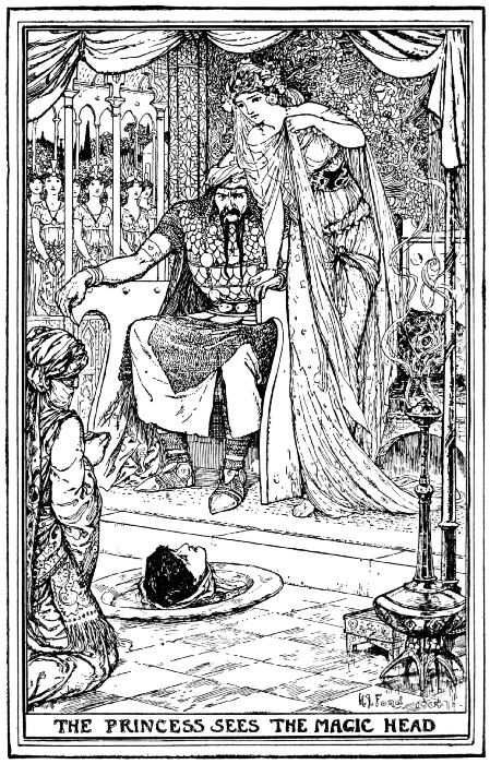 However, the sultan was outraged when he discovered that his new son-in-law would be a severed head. Nonetheless, the princess agreed to the marriage, she finding it, after all, a handsome head.
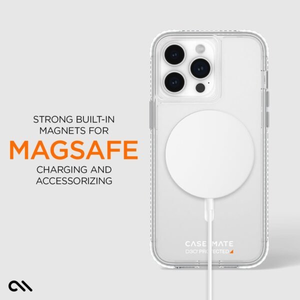 Stay strong. stay protected. The Tough D3O® Clear case is built to last day and night for ultra-strong phone protection. D3O® uses a self-strengthening. non-Newtonian technology that offers the thinnest. strongest. and the world’s best impact protection. The science behind this material is incredible– so yes. you can really drop it. With added D3O® protection. feel confident your phone is safe with 16-foot drop protection. Strong built-in magnets allow for easy MagSafe accessorizing and charging.
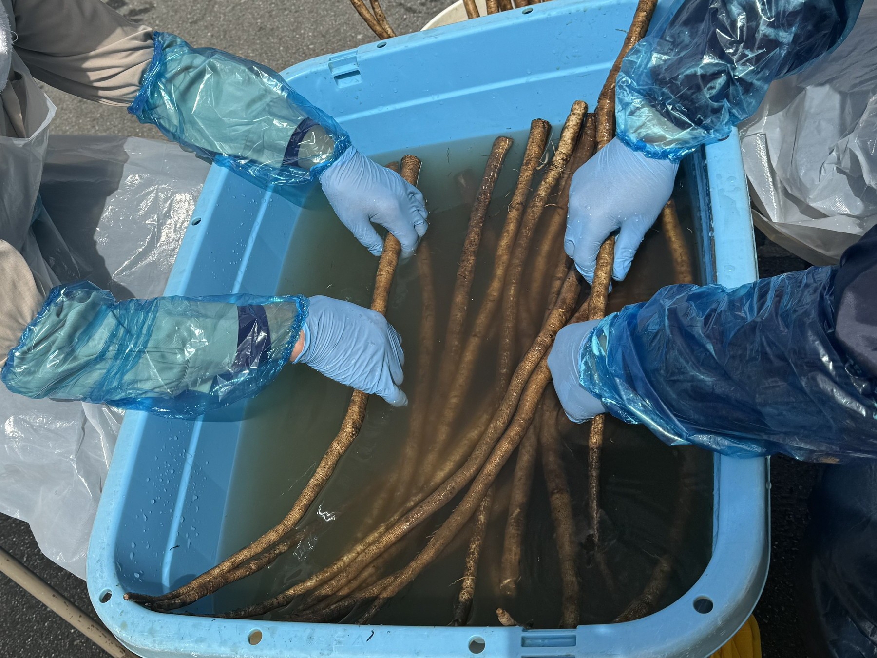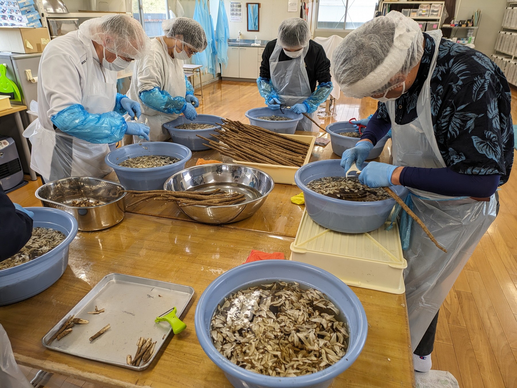ごぼうのささがき中です。一つ一つ丁寧に手作業で行っています。

▶ _ASSIGNMENT_: The whole listing above, word for word: repeat it with the pictures excluded.

▶ _RESULT BELOW_:
 However, the sultan was outraged when he discovered that his new son-in-law would be a severed head. Nonetheless, the princess agreed to the marriage, she finding it, after all, a handsome head.
 Stay strong. stay protected. The Tough D3O® Clear case is built to last day and night for ultra-strong phone protection. D3O® uses a self-strengthening. non-Newtonian technology that offers the thinnest. strongest. and the world’s best impact protection. The science behind this material is incredible– so yes. you can really drop it. With added D3O® protection. feel confident your phone is safe with 16-foot drop protection. Strong built-in magnets allow for easy MagSafe accessorizing and charging.
ごぼうのささがき中です。一つ一つ丁寧に手作業で行っています。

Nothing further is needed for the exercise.